At 08.48 -0300 0-09-23, Jaci Junior wrote:
> Dear reader, Is there a function that takes an "IO String" and
>make it into String?
To have a function IO(String) -> String would contradict the very idea of
Haskell being a pure language: IO isn't pure, so if such a conversion
function was available, it would be possible to have impure IO-functions
without an IO attached to their type. So once you have put in an IO
somewhere, you are stuck with it.
This is not much of a problem though, because Haskell uses monads to
describe IO, and one way to characterize monads is that these are objects
that have the ability to always extend regular code to the code of the type
the monad describes. So regular code can always be converted into IO code,
using the monad properties. The simplest way to think about the IO monad is
perhaps that this is a way to tell the Haskell type system that IO is
taking place in the functions in question.
Monads do not commute, for example creating lists can also be thought of as
being a monad (the monoid monad). Then IO([a]) is an IO involving a list
object, whereas [IO(a)] is a list of potential IO actions.
If you have an object
x :: IO String
then you can use it as though it was a string by
do { s <- x; ... } -- s will be of type String.
Alternatively, you can pipe IO objects by
x >> y -- y does not use output from x
x >>= y -- y uses output from x
return s -- if value returned is not already IO, put in a "return".
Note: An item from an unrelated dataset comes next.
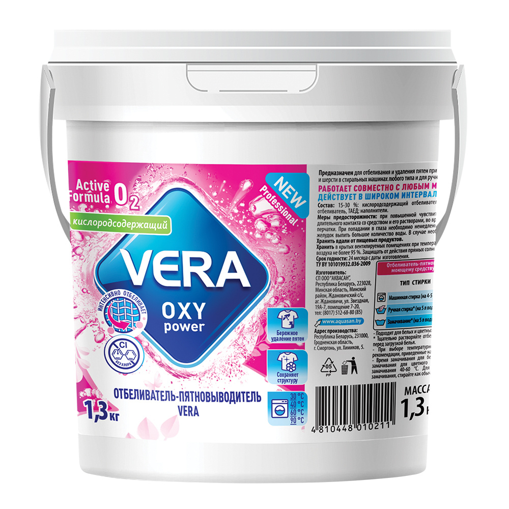 Пятновыводитель Vera Oxy power Кислородный отбеливатель, порошок, 1,3 кг

In fact, a monad M is (mathematically) a triple (F, iota, mu), where F is
an endo-functor of a category C, and "iota" and "mu" are natural
transformations of this category to itself. Here, "iota" is called the unit
and "mu" the multiplication of the monad, named so because in the
endo-category End(C), a monad is just a free monoid, with set F, unit iota,
and multiplication mu.
In the case of the IO monad, iota = return, and mu = (>>=) (or rather a
variation which is a set-theoretic rewrite of the so called Kleisli
multiplication). The IO functor in Haskell is really the type function that
associates the type "a" with IO(a) (not to be confused with "return" which
takes a _values_ and convert them to IO(a) values), plus a function
map :: (a -> b) -> (f a -> f b)
just as in the case of the class Functor in the Prelude (where it is name
"fmap").
Now, if one has the data
class Monad m where
return :: a -> m a
(>>=) :: m a -> (a -> m b) -> m b
then one derive the function "map", just as is done in the module Monad,
where it is called "liftM". Thus, the functor part F of the triple M = (F,
iota, mu) can be derived, and in Haskell programming, people tend to forget
about it. The ">>", and "fail" (as well as the "do" construct named above)
are just put in order to simplify programming.